Work order: Your copy starts at the line containing "Camarão, palmito pupunha" and ends at the last line of the material below. Reproduce those lines exactly, with no pictures.

Dataset section:

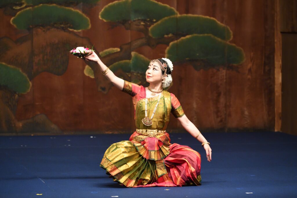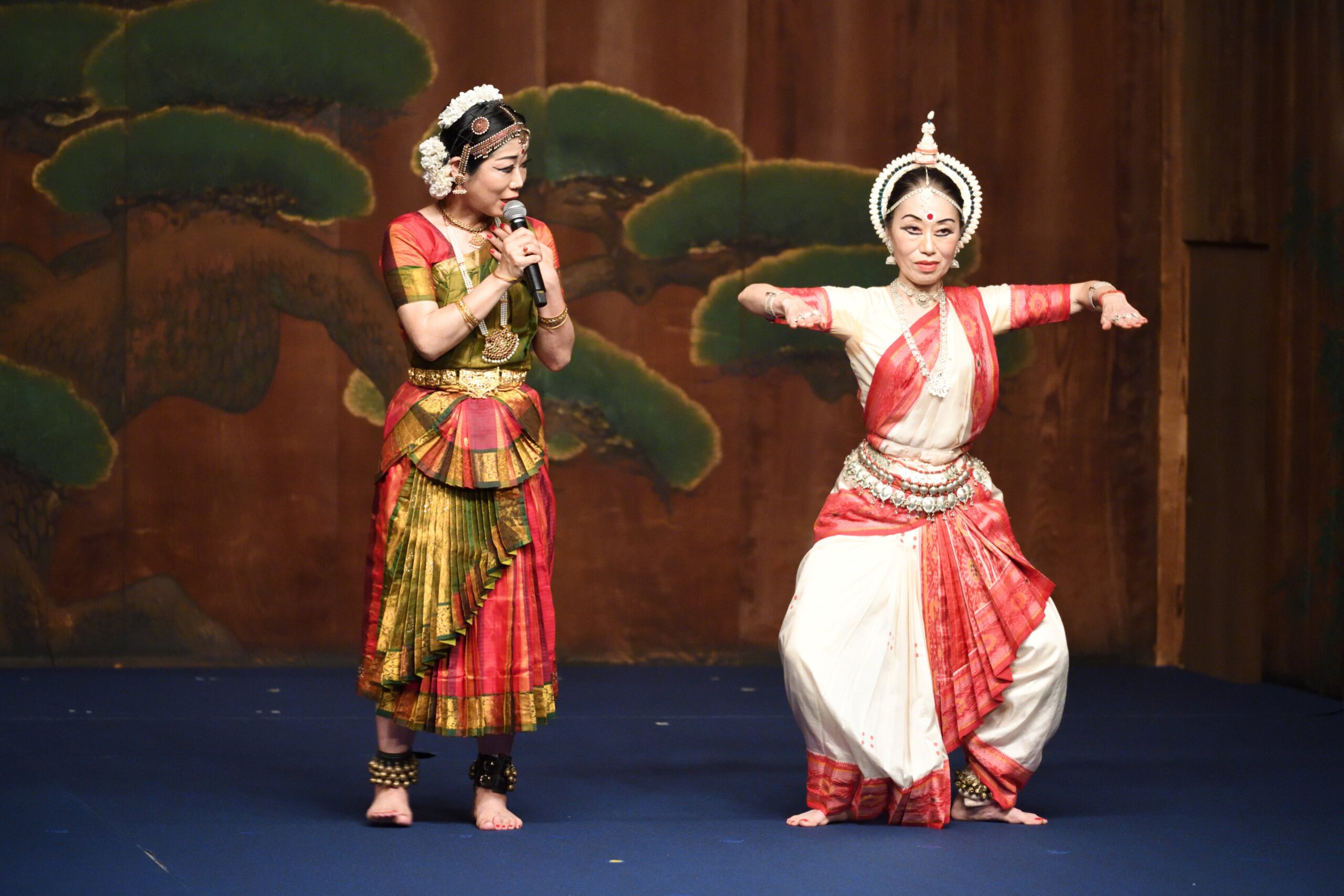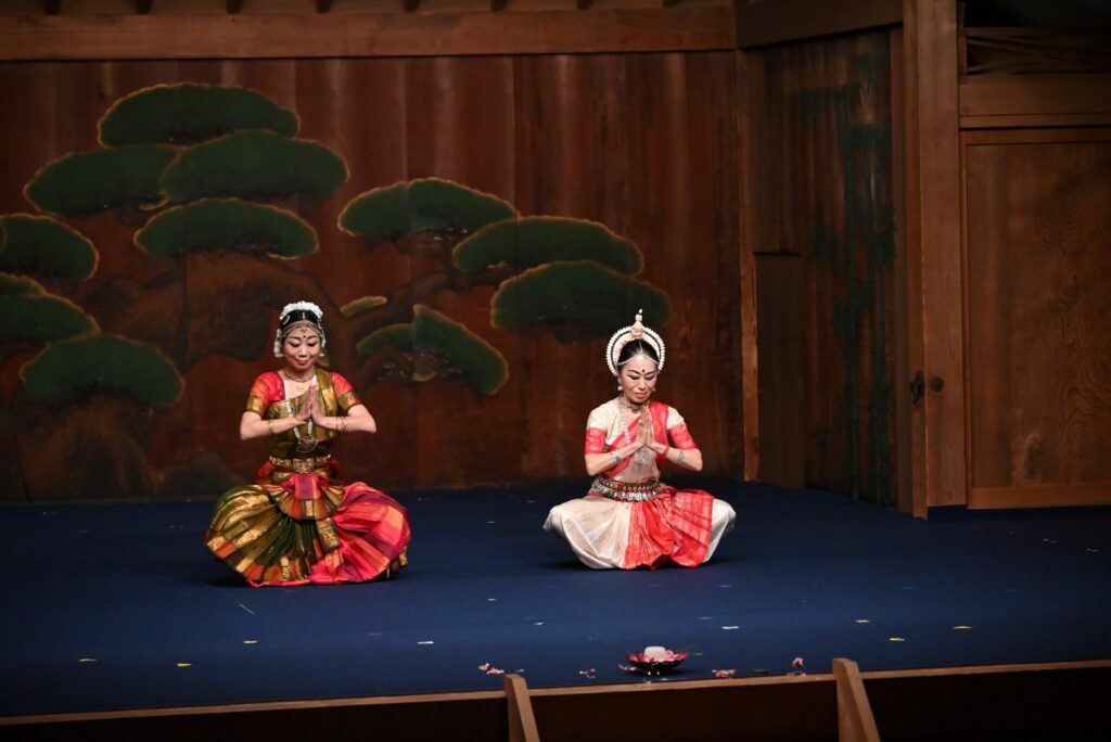 インド舞踊は4000年もの歴史を誇る世界最古の民族舞踊です。しかも単なる踊りではなく、踊りが神との意思交流を図る唯一の手段だったため、一挙手一動作に意味があり、わずかな目の動きにも魂が込められています。地域や歴史的背景によって多様なスタイルが存在します。今回、能舞台の上で披露いただいたのは、野中ミキさんと金澤倫子さんのお二人でした。
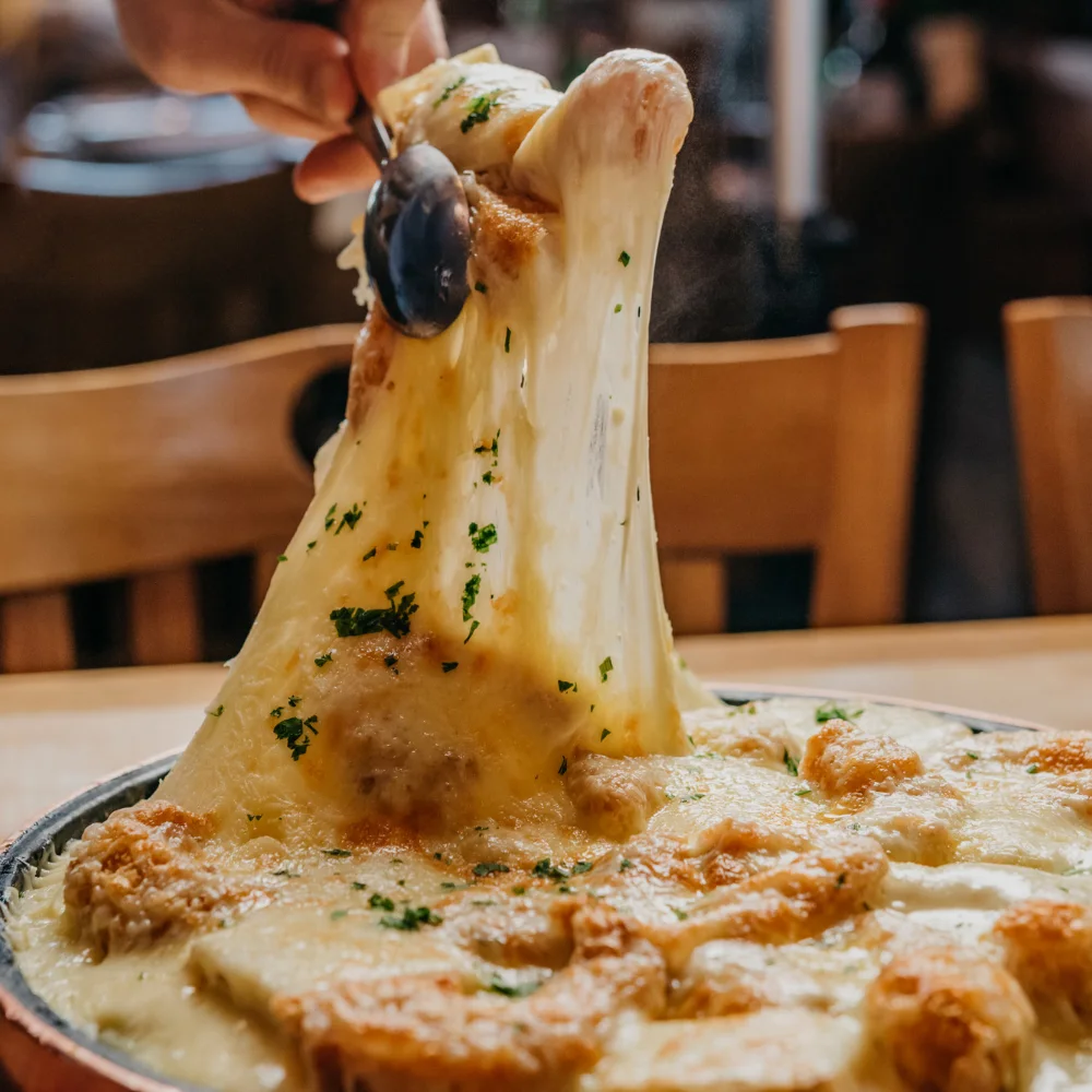 Camarão, palmito pupunha grelhado e molho bechamél cremoso, coberto com muito queijo gratinado na pedra. Acompanha arroz branco e batatas rústicas.
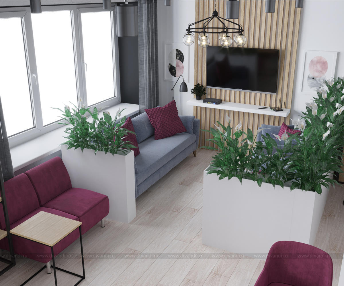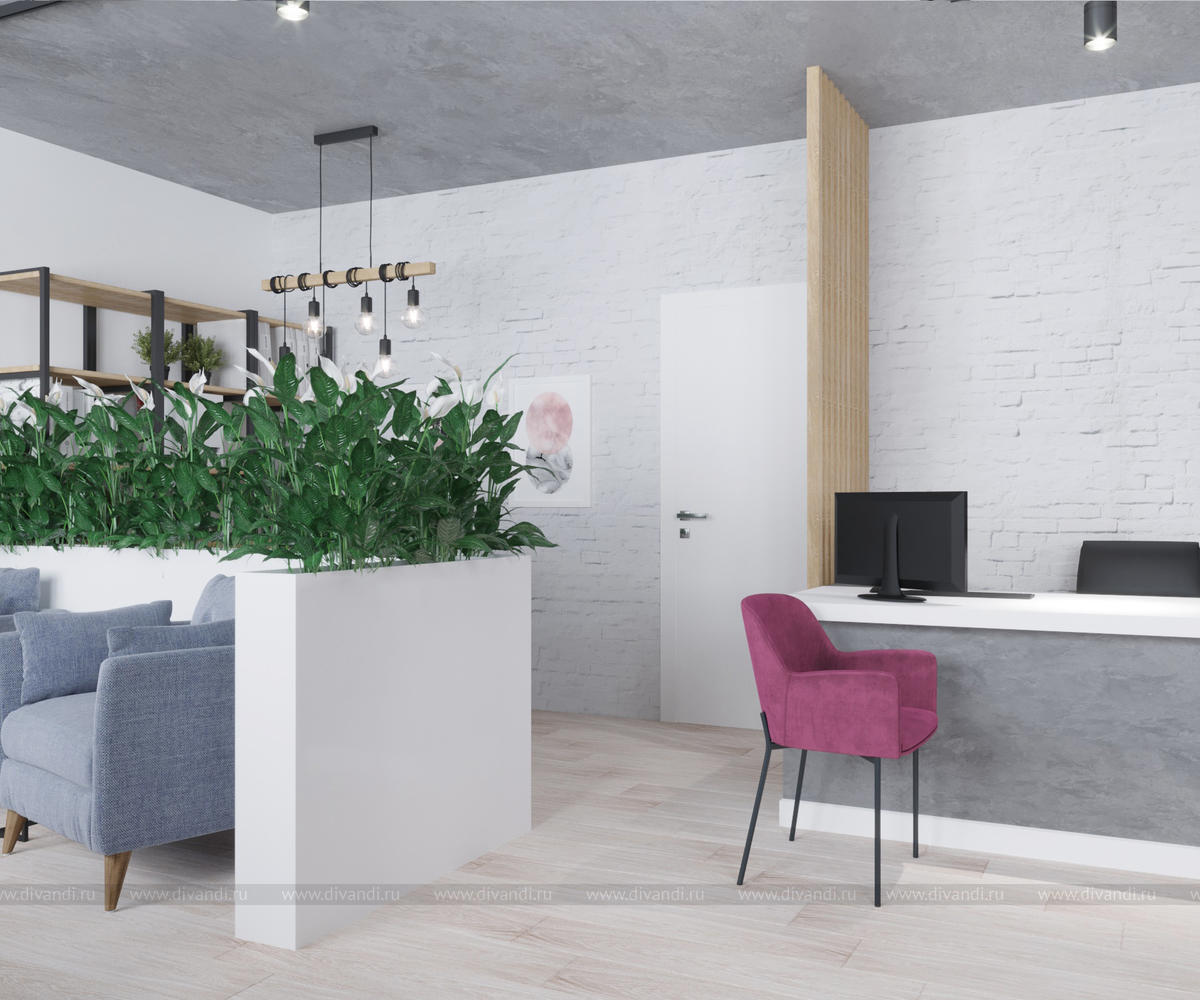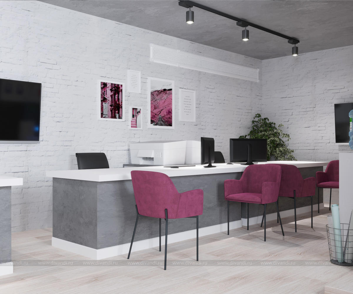 Наша студия разработала дизайн проект офиса продаж для известного интернет провайдера в Екатеринбурге "Планета". Заказчик выбрал стиль "Лофт" и попросил, чтобы в деталях интерьера был их фирменных розовый цвет. Так же мы предусмотрели детскую игровую комнату для детей посетителей офиса.

Exercise result:
 Camarão, palmito pupunha grelhado e molho bechamél cremoso, coberto com muito queijo gratinado na pedra. Acompanha arroz branco e batatas rústicas.
 Наша студия разработала дизайн проект офиса продаж для известного интернет провайдера в Екатеринбурге "Планета". Заказчик выбрал стиль "Лофт" и попросил, чтобы в деталях интерьера был их фирменных розовый цвет. Так же мы предусмотрели детскую игровую комнату для детей посетителей офиса.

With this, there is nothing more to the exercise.